What would your life look like if you felt 20% happier?
Would that mean having more free time, quitting your job, moving up in your career or moving on from a relationship?
It’s an odd question, this idea of becoming 20% more happy, but why not ask it? When we think of happiness, we often see it as a far off goal — like a fabulous vacation we can’t afford. The truth is, no drastic changes need to be made to find your priceless kind of happiness in the present.
And what if you knew that it only took 30 minutes each day to do?
The answer lies in mindful meditation. A study review found that 30 minutes of meditation a day relieves symptoms of depression by up to 20% and anxiety by up to 10%. In other words sitting still, breathing deeply and witnessing your thoughts can lead to a happier you.
Brainwashing for the better
So here’s how the practice physiologically makes that happen in your body. I should preface this by saying I’m not a medical professional, but a journalist who has researched the topic, as well as a yoga practitioner for seven years and teacher of four years.
When you meditate over time, you create more gray matter in several regions of the brain. Hat tip to Neuroscientist Sara Lazar of Harvard Medical School, who scanned the brains of average people who meditated for 30-40 minutes a day and then scanned folks who matched demographically, but didn’t meditate, to find this conclusion.
This is neuroplasticity: The fact that whatever you engage in repeatedly, changes the way your neurons talk to one another in the brain. In other words, what you focus on expands chemically.
If you focus on what you perceive as negatives, which includes sadness, feeling anxious, having low self-esteem and so on, what often happens is you’ll get more of the same.
What we put on repeat in our brains, we tend to believe.
This is brainwashing, if you think about it.
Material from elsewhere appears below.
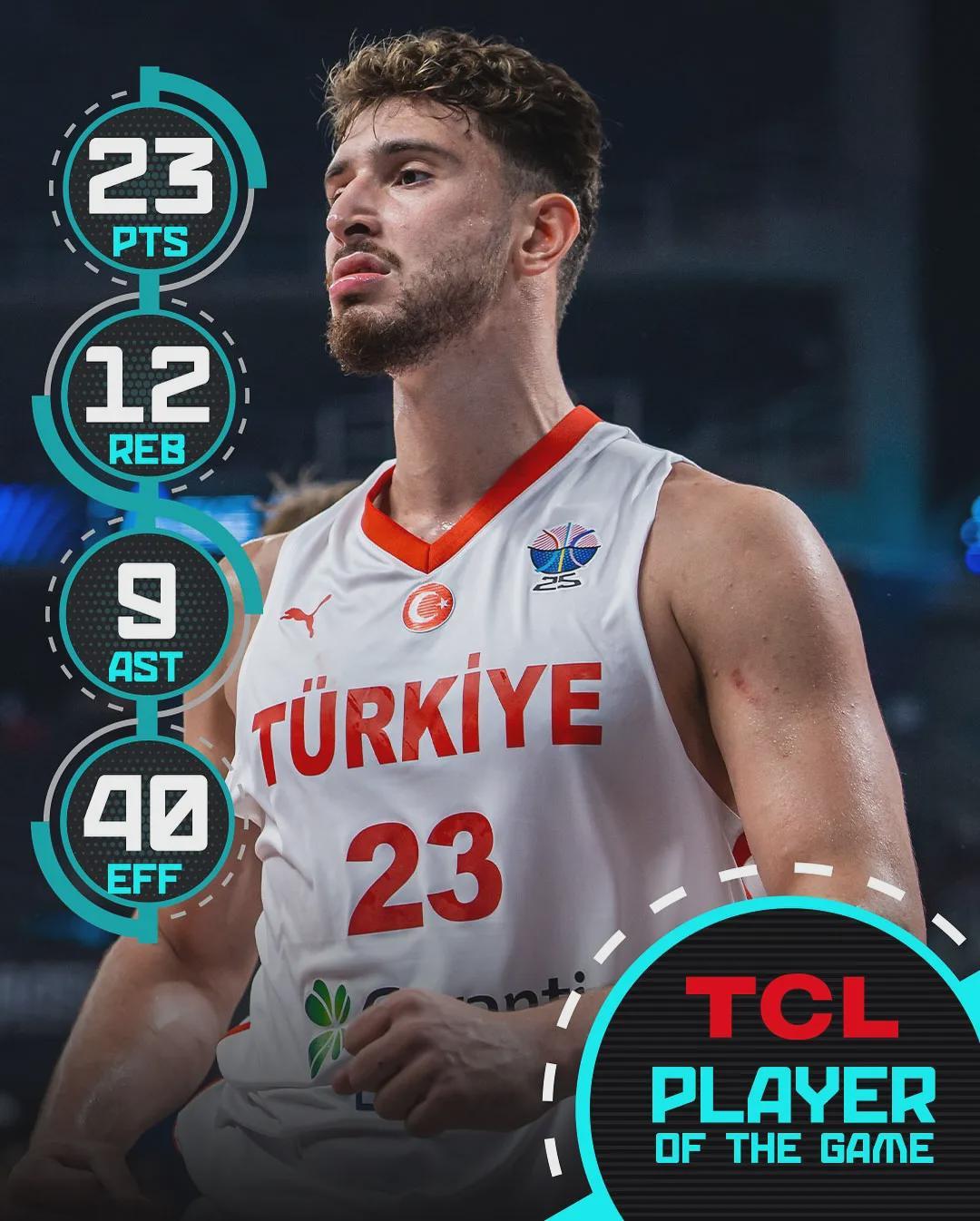 第三个比赛日,内线群星集体爆发。申京在土耳其92-78大胜捷克的比赛中9投8中,砍下23分12篮板9助攻2封盖。NBA球迷或许早就对这样的准三双审美疲劳了。但在欧洲杯,自1995年以来,整整三十年也只出现过3次三双。
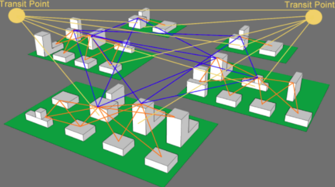 以下为业界某司的IDC之间的网络拓扑架构如下:【引用自公有云多region多AZ机构】

While it can be used to our detriment, we can also self-brainwash to our advantage in order to fuel the conditions for our happiness.
I began this mental experiment seven years ago after I first starting practicing yoga. For me, this meant repeating my mantra, “I no longer identify with depression” even when it wasn’t true.
I did other things, too, like smile while driving in my car when I didn’t feel like smiling. The thing is: Our brains chemically don’t know the difference between a genuine smile or a forced one. Both instances elicit the same feel-good chemical, dopamine.
Similarly, when you meditate, even if the thoughts are racing and you feel like you’re terrible at it, you’re still showing up and doing it. And it’s in that doing that things literally start to change in the brain.
Your brain on meditation
When you meditate, the connection between the Me Center (the medial prefrontal cortex) and the Fear Center (the amygdala) begins to break down. This, my friends, is why you should brainwash yourself.
An example of this in action is asking someone whom you really like for a date, being rejected and then thinking that there’s something inherently wrong with you or that you’re unlovable.
When we meditate, we instead strengthen the rational, logical lateral prefrontal cortex . The next time you get rejected, you see it as simply a rejection or maybe bad timing… and you’re less apt to take it personally. And when we stop taking things personally, we’re more likely to flow with life than against it.
Another brain shift that occurs is that the insula, involved in experiencing and feeling empathy, and the Me Center become stronger (more gray matter!). This means we become more empathetic and compassionate toward others.
Yoga, of course, means union. This practice is all about seeing the connections among us and realizing that none of us go through life alone.
This is just the tip of the iceberg when it comes to how yoga and meditation can help you create your happy momentum. If 30 minutes doesn’t seem doable right now, do 10.
Just don’t do nothing.
Try it: Reverse Warrior Pose, Viparita Virabhadrasana
There are two sides to living a happier life: looking back at where you’ve been and looking to where you’re going. Meet in the middle — the present moment — with a strong foundation in Reverse Warrior Pose. Although you’re reaching back, your legs are also strongly rooted into a forward lunge.
- From the top of your mat, step your right leg back into a lunge, turn the toes right and plant the foot. Bring your hands to your hips and ensure the front heel is bisecting the middle or heel of the back foot.
- Draw your right thigh back as you tuck the left hip under. Gaze forward at your left foot and open the knee to the left so that you can see your big toe.
- Inhale and lift the arms shoulder height. Draw the navel gently into the spine and reach the crown of the head tall to elongate the torso.
- Flip the front palm up, exhale and reach the left arm up and behind you. Let your right hand gently rest on the right thigh, no weight in the arm. Keep the legs solid and navel moving in and up as you reach through the left fingertips.
- Stay for six deep breaths. Soften the bottoms of your shoulder blades down the back as you extend both of your side bodies long. Inhale and windmill the arms back up to Warrior II. Exhale and step forward to the top of your mat, pausing in Mountain Pose before moving on to the other side.